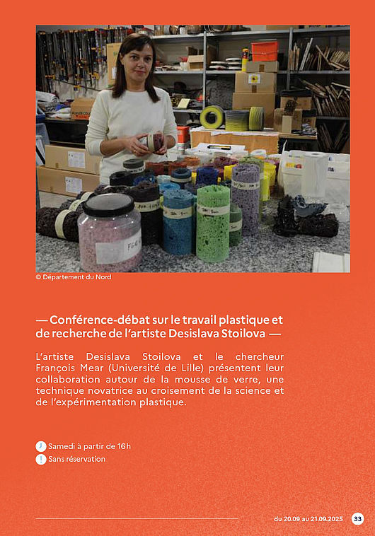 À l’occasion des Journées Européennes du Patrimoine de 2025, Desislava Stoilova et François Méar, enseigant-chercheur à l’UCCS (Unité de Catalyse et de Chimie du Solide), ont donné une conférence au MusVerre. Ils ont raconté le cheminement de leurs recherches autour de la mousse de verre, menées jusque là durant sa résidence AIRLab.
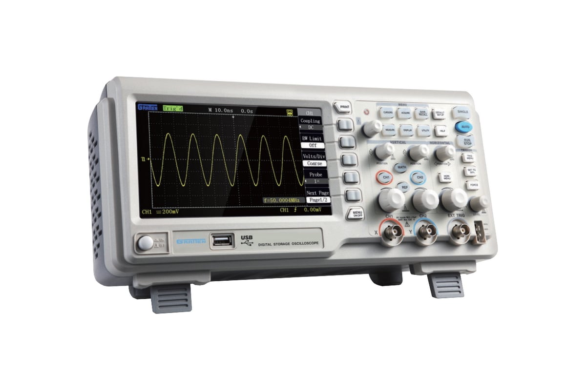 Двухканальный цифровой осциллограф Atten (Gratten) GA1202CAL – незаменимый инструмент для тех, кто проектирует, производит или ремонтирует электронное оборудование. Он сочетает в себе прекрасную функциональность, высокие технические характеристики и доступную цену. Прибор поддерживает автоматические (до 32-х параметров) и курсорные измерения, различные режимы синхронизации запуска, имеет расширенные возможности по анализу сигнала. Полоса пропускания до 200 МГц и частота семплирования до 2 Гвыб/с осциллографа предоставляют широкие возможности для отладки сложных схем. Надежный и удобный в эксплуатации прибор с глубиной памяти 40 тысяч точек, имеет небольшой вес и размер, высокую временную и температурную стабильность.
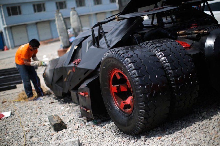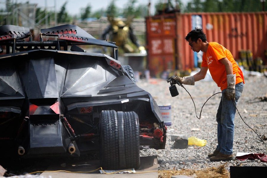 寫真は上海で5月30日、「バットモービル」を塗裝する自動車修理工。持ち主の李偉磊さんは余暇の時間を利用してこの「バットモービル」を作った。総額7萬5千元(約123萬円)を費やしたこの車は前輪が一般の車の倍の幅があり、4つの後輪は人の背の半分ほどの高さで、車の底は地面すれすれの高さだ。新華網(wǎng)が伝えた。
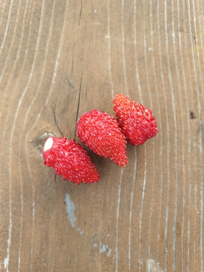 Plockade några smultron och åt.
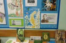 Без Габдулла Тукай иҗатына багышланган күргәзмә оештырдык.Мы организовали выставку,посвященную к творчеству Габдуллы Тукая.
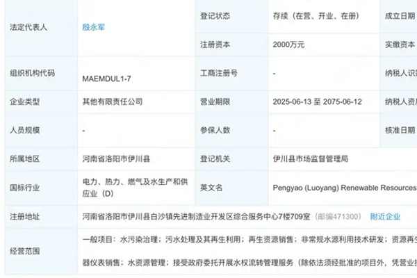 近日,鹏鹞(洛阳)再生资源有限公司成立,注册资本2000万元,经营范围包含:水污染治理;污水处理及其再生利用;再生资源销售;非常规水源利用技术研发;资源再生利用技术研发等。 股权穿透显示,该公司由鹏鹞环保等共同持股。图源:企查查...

════════════════════

Aim of the task -> Leave out the pictures, and please output only the lines from the line that contains "Без Габдулла Тукай" through the end of the data, both ends included.

Exercise solution ->
 Без Габдулла Тукай иҗатына багышланган күргәзмә оештырдык.Мы организовали выставку,посвященную к творчеству Габдуллы Тукая.
 近日,鹏鹞(洛阳)再生资源有限公司成立,注册资本2000万元,经营范围包含:水污染治理;污水处理及其再生利用;再生资源销售;非常规水源利用技术研发;资源再生利用技术研发等。 股权穿透显示,该公司由鹏鹞环保等共同持股。图源:企查查...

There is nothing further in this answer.